Problem requirements: Once the images are set aside, output the listing exactly as it stands.

****************

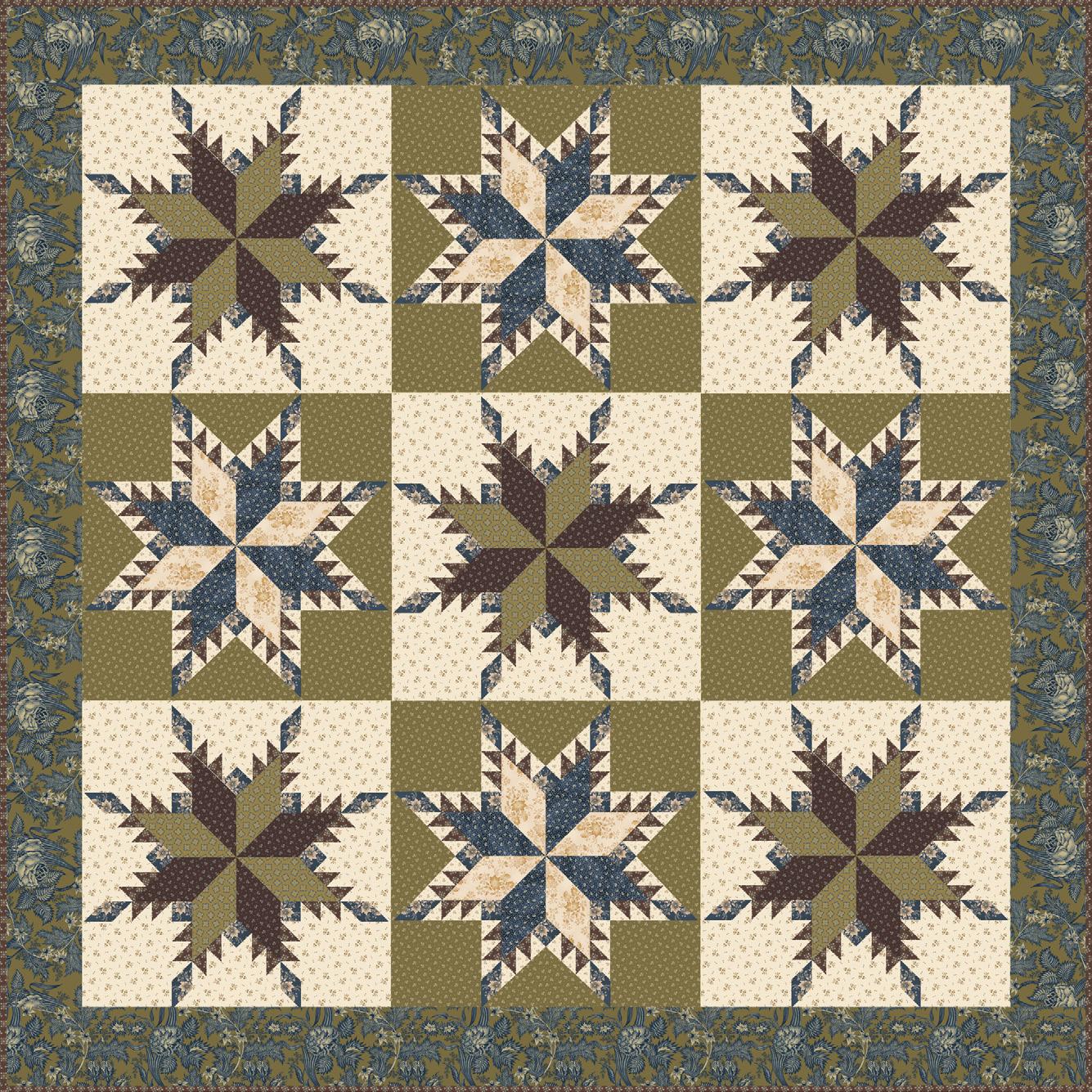 Kit includes fabric + binding. Backing fabric, ruler, and pattern book not included in kit. *Kit made using the Fat Robin 16-Point Book and Ruler Combo.
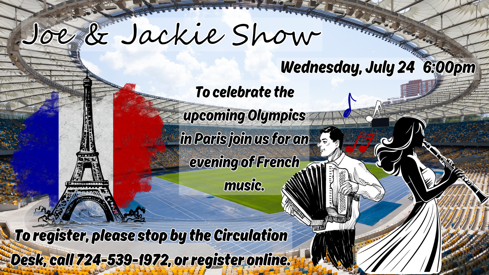 To celebrate the upcoming Olympics in Paris join us for an evening of French clarinet and accordion music performed by the talented duo of Joe & Jackie! This is for all ages!
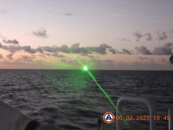 지난 2023년 2월 6일 분쟁 중인 남중국해에서 중국 해경선이 녹색 군사용 레이저 광선을 비추고 있다. 사진은 필리핀 연안경비대가 제공했다. |
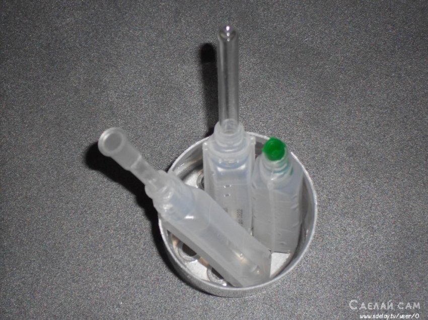 Если срезать дно помпы, а внутрь вставить колпачок шприца с отверствием, то ампула становится небольшой воронкой.
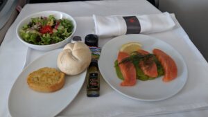 To travel in biz is a whole other experience. Robert, the guy responsible for my section of the plane, asked if he pronounced my name correctly (even though he never used it again). Hot towels before the three course meal served on white linen. Really comfy seat which makes the 8 hour flight feel like a long movie-session at home. And to get a couple of hours of sleep, just lower the seat to a flat bed, pull over a blanket and take a nap.
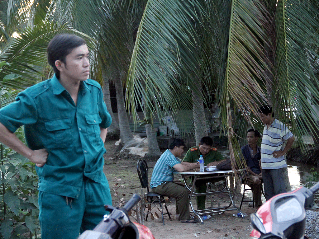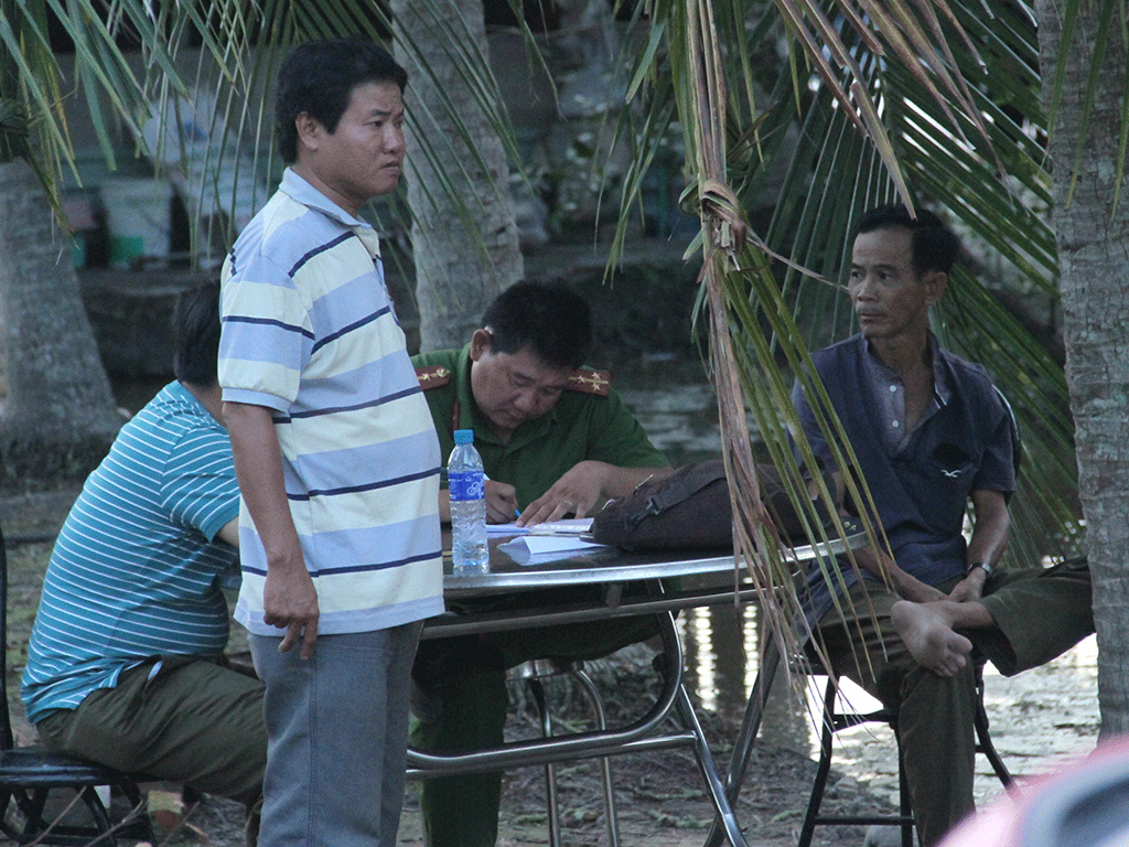 Người hàng xóm vào sân nhà thì phát hiện ông Hoàng bị nhiều vết thương, mất nhiều máu, đang ngồi ở gốc dừa; vợ ông Hoàng gục chết trên vũng máu ở gian bếp.

****************

Worked solution:
 Kit includes fabric + binding. Backing fabric, ruler, and pattern book not included in kit. *Kit made using the Fat Robin 16-Point Book and Ruler Combo.
 To celebrate the upcoming Olympics in Paris join us for an evening of French clarinet and accordion music performed by the talented duo of Joe & Jackie! This is for all ages!
 지난 2023년 2월 6일 분쟁 중인 남중국해에서 중국 해경선이 녹색 군사용 레이저 광선을 비추고 있다. 사진은 필리핀 연안경비대가 제공했다. |
 Если срезать дно помпы, а внутрь вставить колпачок шприца с отверствием, то ампула становится небольшой воронкой.
 To travel in biz is a whole other experience. Robert, the guy responsible for my section of the plane, asked if he pronounced my name correctly (even though he never used it again). Hot towels before the three course meal served on white linen. Really comfy seat which makes the 8 hour flight feel like a long movie-session at home. And to get a couple of hours of sleep, just lower the seat to a flat bed, pull over a blanket and take a nap.
 Người hàng xóm vào sân nhà thì phát hiện ông Hoàng bị nhiều vết thương, mất nhiều máu, đang ngồi ở gốc dừa; vợ ông Hoàng gục chết trên vũng máu ở gian bếp.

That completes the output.